With so much negative news about GM and Chrysler and American car companies in general, I thought it was time in my Eco-Elitist series to talk about Subaru- a car company that does amazing things. I rarely hear or read about them in the news. Yes, a car company that does good things. It shocked me too when I heard about it but the story is incredible. For those of you who are frustrated that so many people are just too set in their ways to change or say that it just cost too much money or it is just too difficult, go this link, scroll down to the middle of the page and click on link that says "Video: Learn more about the Subaru Plant." It's a comprehensive overview of why the American Subaru plant is so incredible. It will bring tears to your eyes- I know I'm a bit weird. But really, check it out. When I hear about truly innovative ideas that encourages change to tired, old systems that also saves resources, creates less waste AND saves money- it just about makes me cry. What is so cool about the video is how excited, positive and more importantly proud the workers at Subaru are to be a part of such a terrific initiative.
Subaru of America is a "wholly-owned subsidiary of Fuji Heavy Industries Ltd." of Japan. They are headquartered in Cherry Hill, NJ. The American subsidiary markets and distributes all-wheel drive Subaru vehicles, parts and accessories.

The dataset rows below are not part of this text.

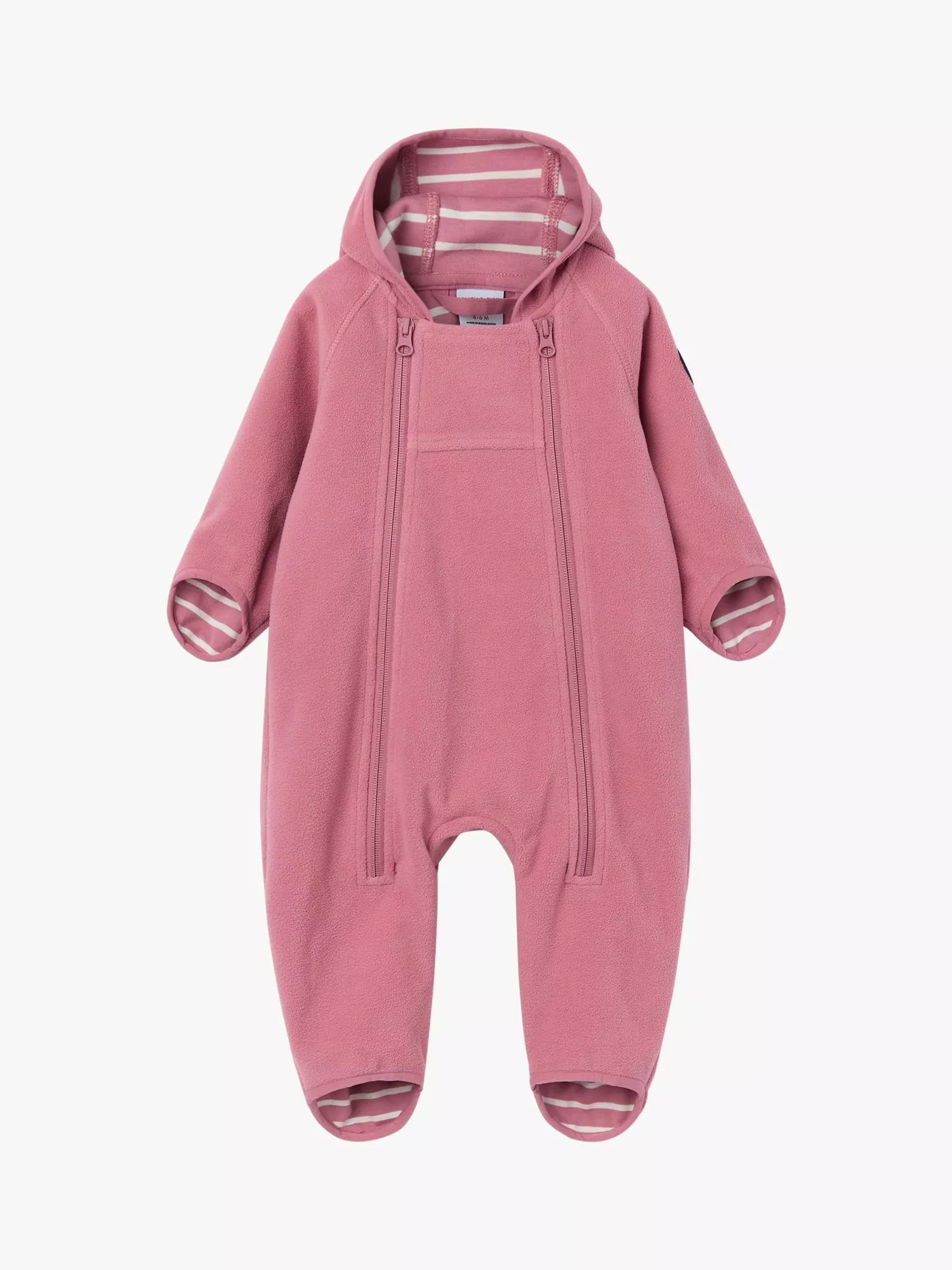 This fleece pramsuit will protect baby from the wind and rain. Made in 100% recycled polyester it is water-repellent making it ideal for light showers while the organic cotton jersey lining gives added comfort. It features double zips with chin guards and a storm flap to protects against the cold.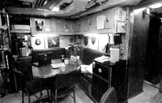 Перед каютой старшего офицера, если смотреть от носа корабля, находится каюта командира. Небольшое, но очень функциональное помещение.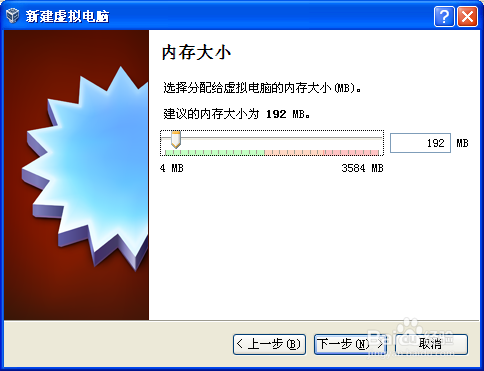 下一步,為虛擬電腦分配內存。分配內存要量力而行,我是按推薦、如果你的電腦是1G內存,那你就要少分一些內存,因為如果分出去的內存太多,電腦會卡。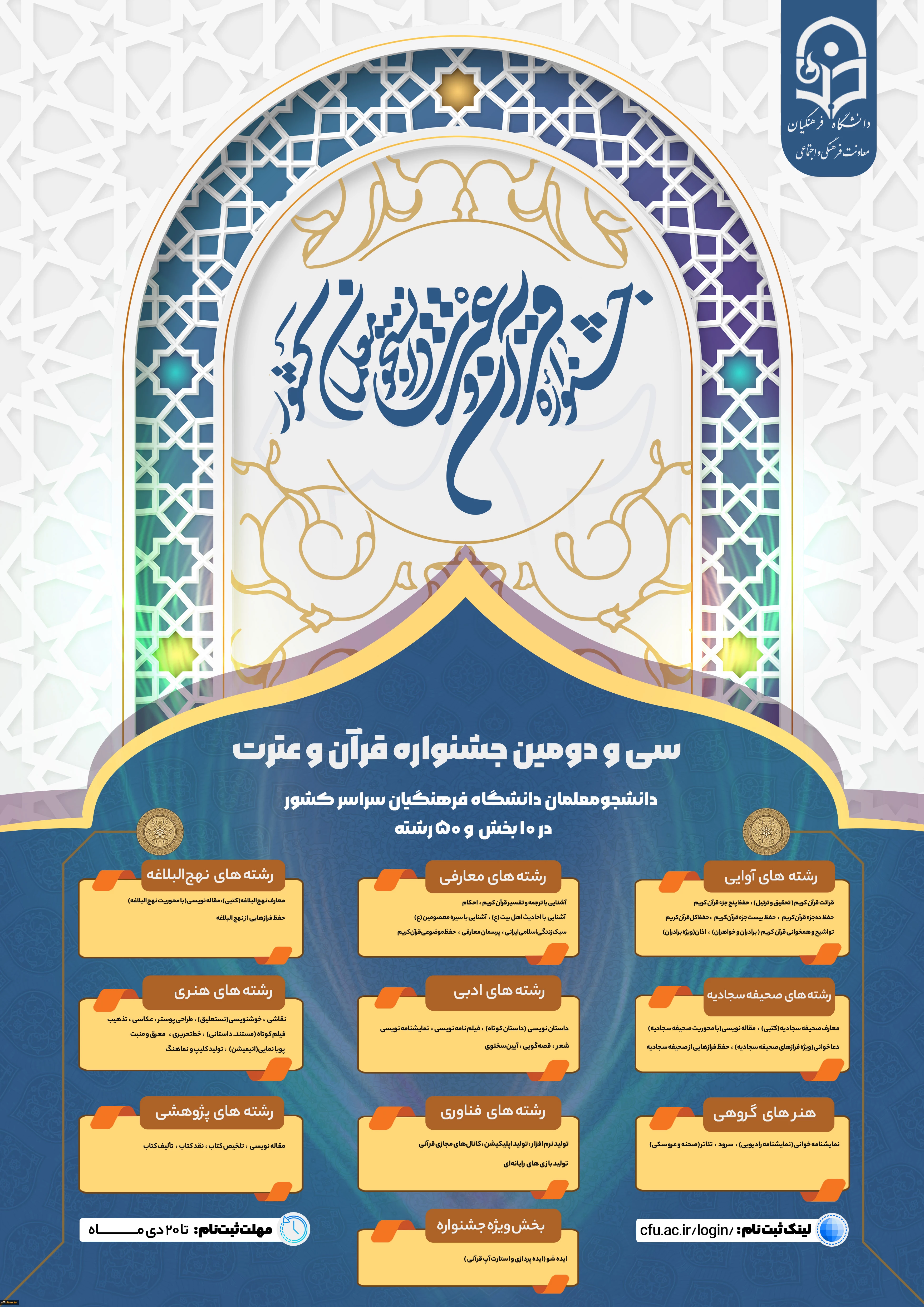 سی و دومین جشنواره قرآن و عترت ویژه دانشجو معلمان دانشگاه فرهنگیان سراسر کشور در 10 بخش و 50 رشته 2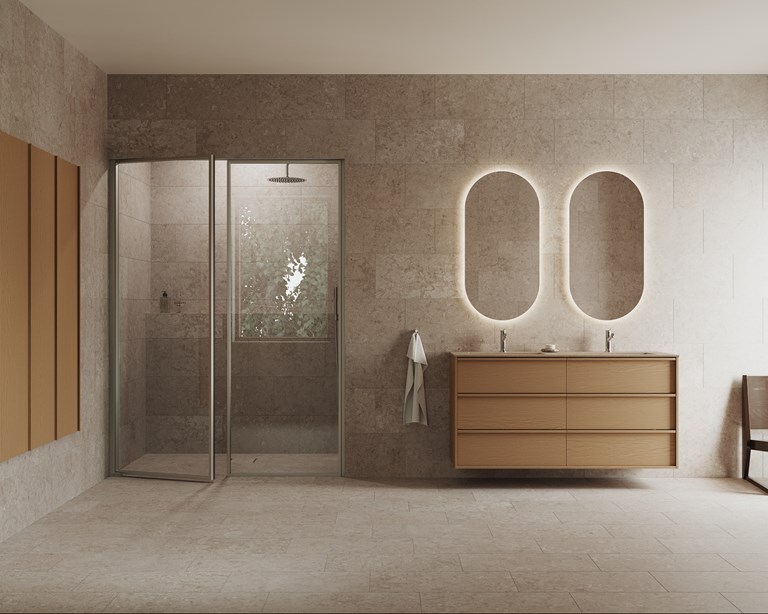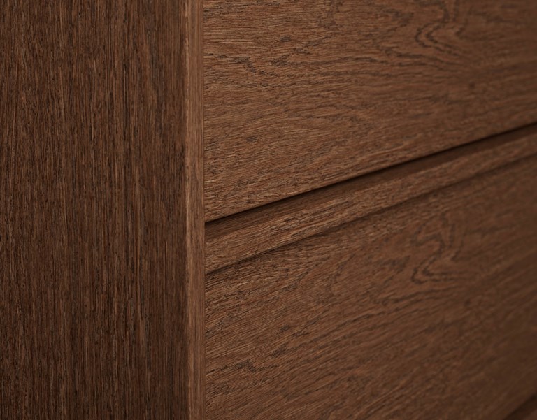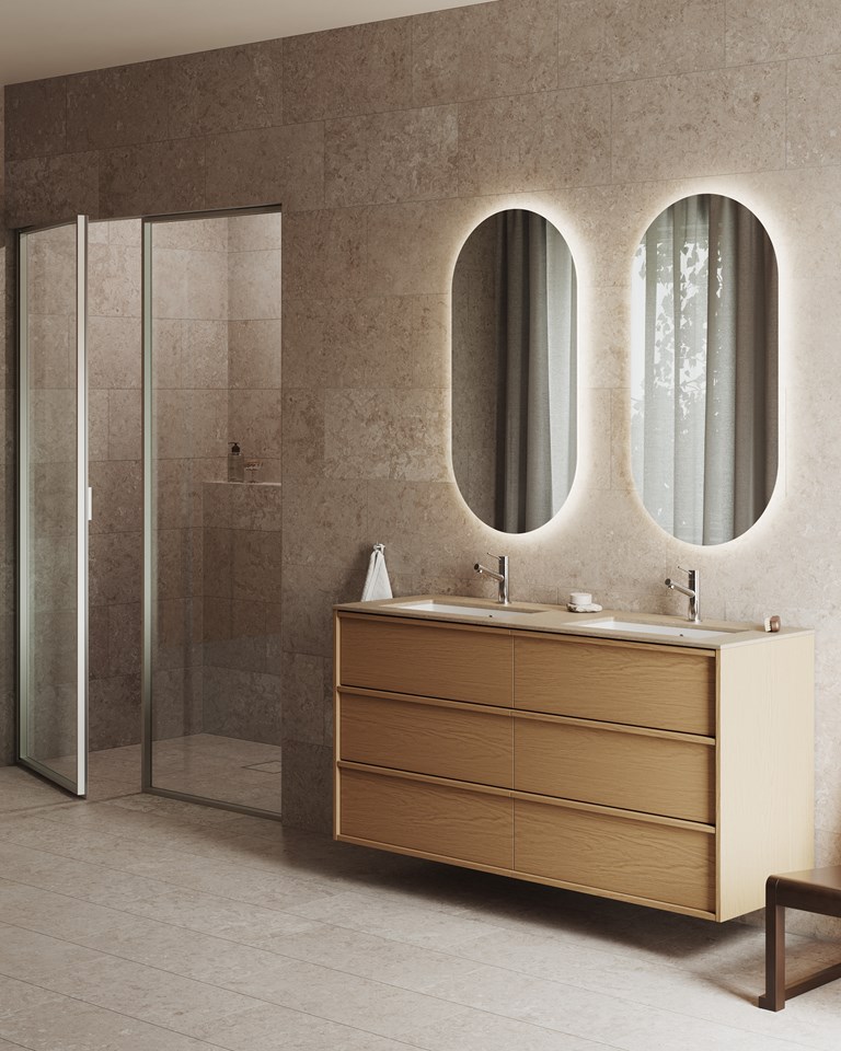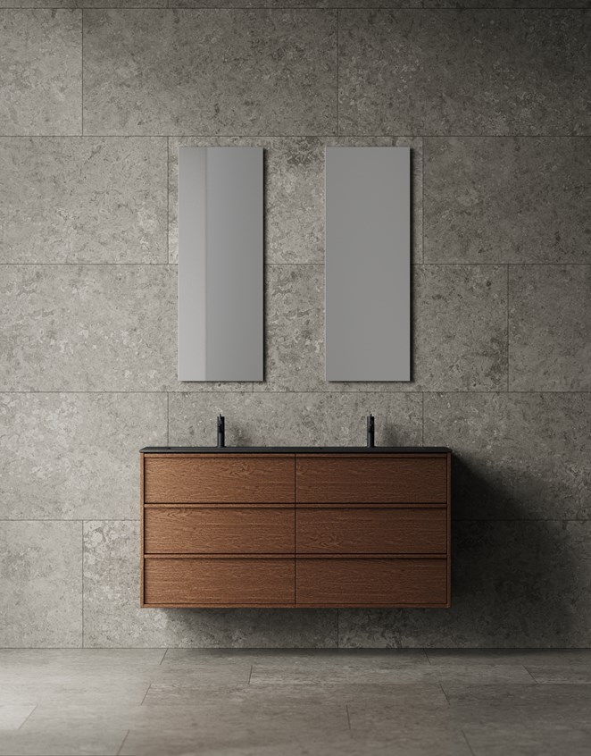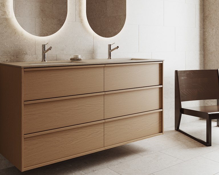 Kaksi pesuallasta ja kuusi tilavaa laatikkoa tekevät Terra Carve 140 D:stä kalusteen, joka tarjoaa runsaasti säilytystilaa – ja ilmeen, joka kerää katseet. Integroidulla vetimellä viimeistelty etusarja korostaa skandinaavista muotokieltä ja tuo esiin Natural Oak- tai Dark Oak -viilun kauniin pinnan. Suurempi kuviointi kuin muissa sarjoissamme antaa puulle elävää syvyyttä ja tekee kylpyhuoneen ilmeestä lämpimän ja persoonallisen. Korkea 70 cm runko ja kuusi täysin ulosvedettävää laatikkoa tarjoavat säilytystä tavallista enemmän – täydellinen ratkaisu perheen kylpyhuoneeseen, jossa tilan ja järjestyksen merkitys korostuu. Kaksi pesuallasta tekevät kalusteesta luonnollisen kokoontumispaikan – yhtä käytännöllinen kuin tyylikäs.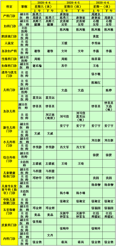 清明節(jié)放假期間婦科、產(chǎn)科、婦產(chǎn)科急診、兒科門急診、新生兒科、內(nèi)科、外科、兒??啤⑽骞倏崎T診均正常開診;生殖科、婦???、皮膚科每天上午開診;4月5日上午、4月6日上午開放人流室;4月6日上午開放陰道鏡及遺傳優(yōu)生門診。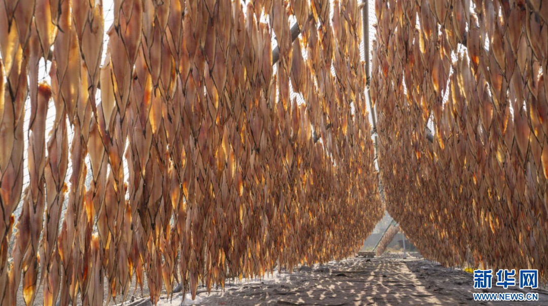 在日照市岚山区安东卫街道,鱼干批量晾晒。新华网发(林坤 摄)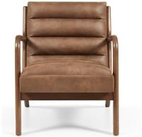 A modern retro armchair that would suit any contemporary or traditional styled living room. Rich coloured wood that combines perfectly with the comfy faux leather fabric creating warmth. This chair features curved arm rests, an extremely comfy padded seat and back cushion and thick ribbed detail to add a touch of vintage retro. Part of the Leah collection. Material:PU faux leather. Made from 100% polyester. Wooden feet. Fixed seat with foam filling. Fixed cushion(s) with foam filling. Dimensions:Size H7...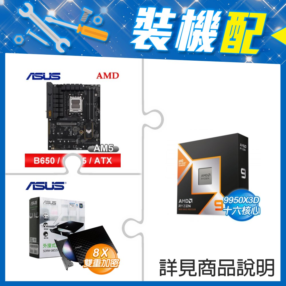 ☆裝機配★ AMD R9 9950X3D+華碩 TUF GAMING B650-E WIFI ATX主機板+華碩 SDRW-08D2S-U 外接式燒錄機《黑》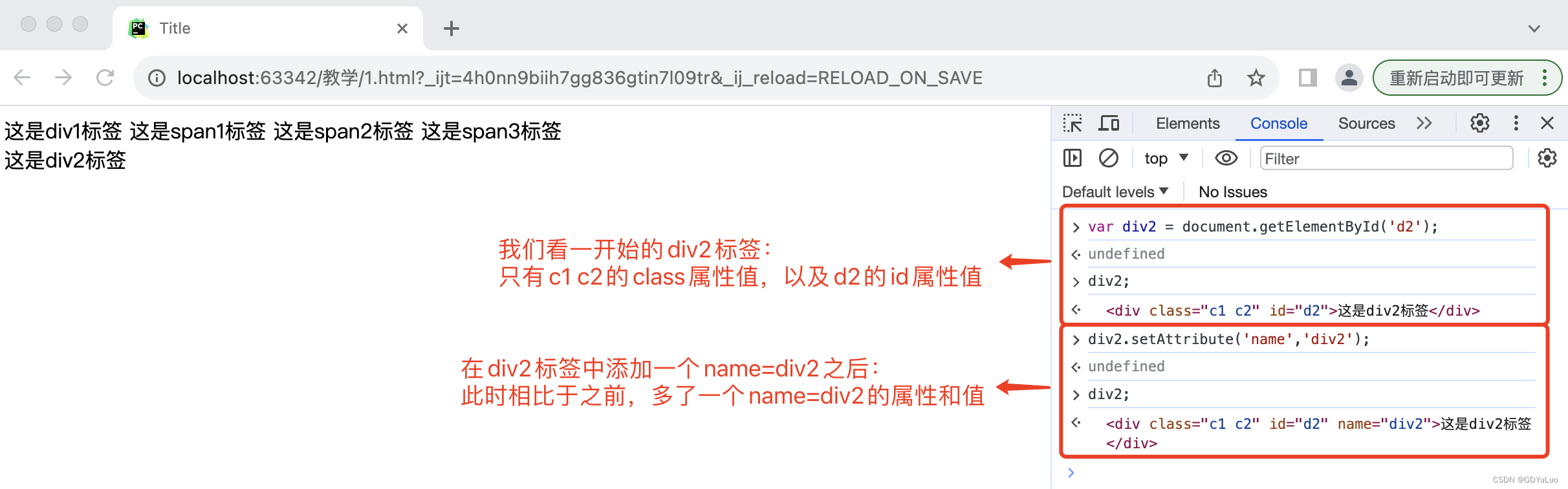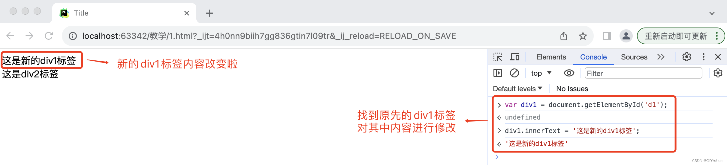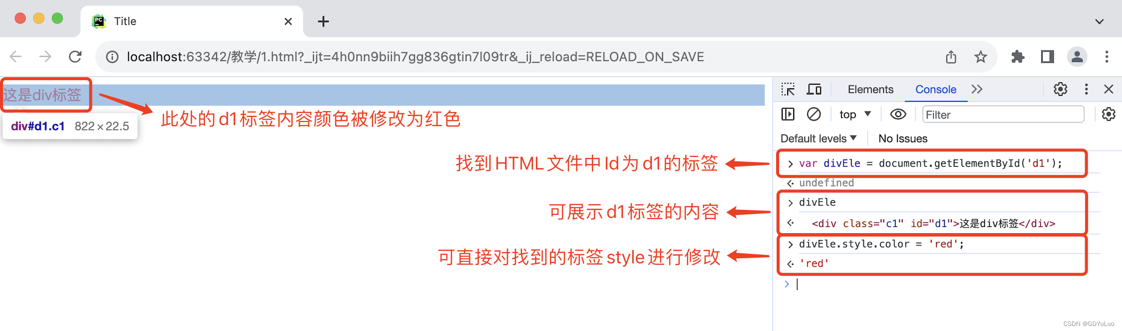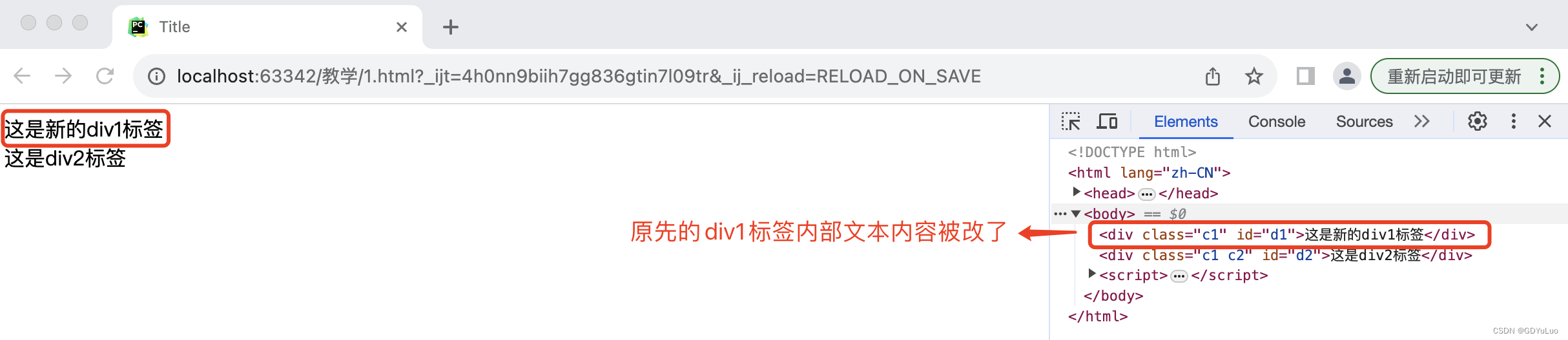 我们在HTML文件中写入一段代码,包含一个id属性为d1的div标签,在浏览器中利用如上的方法,找到这个div标签,并对其中的内容进行修改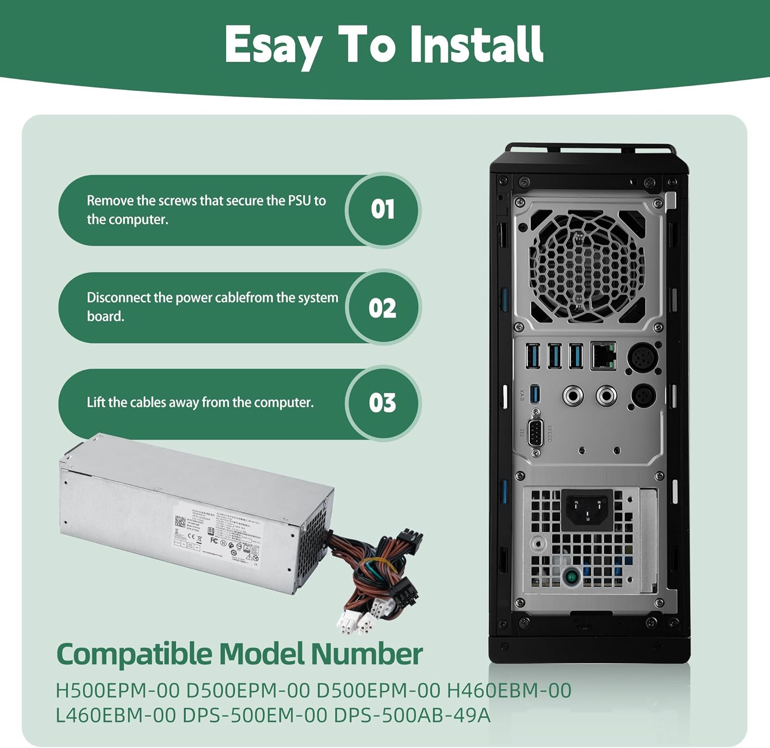 H500EPM-00 Y7R0X 500W Power Supply For Dell Optiplex 7080MT 7070MT 7060MT 3050MT 3050 3080 3650 3670 3671 3681 5060 5080 5090 7050 7080 SFF, XPS 8940 MT【Compatible Model Number】: H500EPM-00 D500EPM-00 H500EGM-00 H460EBM-00 L460EBM-00 DPS-500EM-00 DPS-500AB-49A 【Compatible Part Number】: 0Y7R0X Y7R0X 05K7J8 5K7J8 04FWF7 4FWF7 【Connector】: PCI-E 6Pin, PCI-E 6pin,PCI-E 8(6+2) pin CPU 4Pinx2 【 Input / Output】: Input: AC(50-60Hz) 100-240V~/7A, DC Output: Max Output 500w.【Worry-free after-sales service】:30-day no-reason return. One-year warranty. (Replace the charger if there is any quality issue within one year) 24-hour customer service.

The Subaru plant in Lafayette, Indiana (SIA) is a zero-landfill waste facility. Zero. Yes, I said Zero. The trash that you put in your garbage this morning after breakfast is more than they send to a landfill in a year. Nothing from this manufacturing facility goes into a landfill. If they cannot recycle it, they reuse- again and again. Watch the video- it's incredible. You see them discussing what to do with their kitchen grease and shredding tires for the "flooring" of playgrounds. Every year, SIA recycles 99.3% of excess or leftover steel, plastic, wood, paper, glass and other materials. What's left is shipped to Indianapolis and incinerated to help generate steam. In 2006, SIA recycled:
- 11,411 tons of scrap metal (13,142 tons in 2007)
- 1537 tons of cardboard and paper
- 963 tons of wood
In the video they mention that by being smarter about they way they cut and use steel, they have reduced the number of steel coils they purchases by 425 coils. Of course, steel producers consume a lot of energy (while emitting harmful CO2). They calculate that by reducing their steel consumption, they saved enough energy to power 2233 homes! In the video, they also talk about packaging and ways that they can reduce or reuse it (styrofoam and plastic packaging is one of my biggest pet-peeves). They have organized a system that allows them to separate and organize all the styrofoam pieces in bins to then be returned to Japan to be used over and over again. Pretty smart, huh?
Now, if a $1.2 billion dollar facility that will produce roughly 165,000 cars this year, with over 2700 employees can achieve these amazing goals. We can send our cans, paper, glass and plastic to the curb to recycle, can't we?
Another note, since 2003, Subaru has been producing Partial Zero Emissions Vehicles (PZEV) which meets California's Super-Ultra-Low-Emission vehicle exhaust standard. "Gasoline vehicles meeting these standards can have even lower emissions than hybrid or alternative fuel vehicles." Subaru cars are also U.S Environmental Protection Agency (EPA) certified SmartWay Vehicles and are honored in the EPA's Green Vehicle Guide located at www.epa.gov/greenvehicles/Index.do"
And, they also ran a "Share the Love" campaign from November 24th to January 2nd that allowed consumers to donate $250 of their car purchase to one of 5 charities. They handed over checks that totaled $4.6 million dollars to these 5 charities that included: the National Wildlife Federation, Meals on Wheels Association of America, Boys and Girls Scouts of America, Habitat for Humanity and the American Society for Prevention of Cruelty to Animals.
Yes, we just bought a Subaru Outback (in Jan 09) and chose the National Wildlife Federation. I must admit I made fun of my husband's choice at first since I know he has a secret desire to live in Vermont to hike in the summer and ski all day in the winter (Subaru is the car of Vermont). An outdoor Vermont life is certainly not a bad life of course (and maybe he'll fulfill that dream one day) but the more I learned about Subaru, the more I loved what they stand for and what they've accomplished. In America, we have so many choices when we purchase something, it feels so good to know that one's money is supporting an excellent company.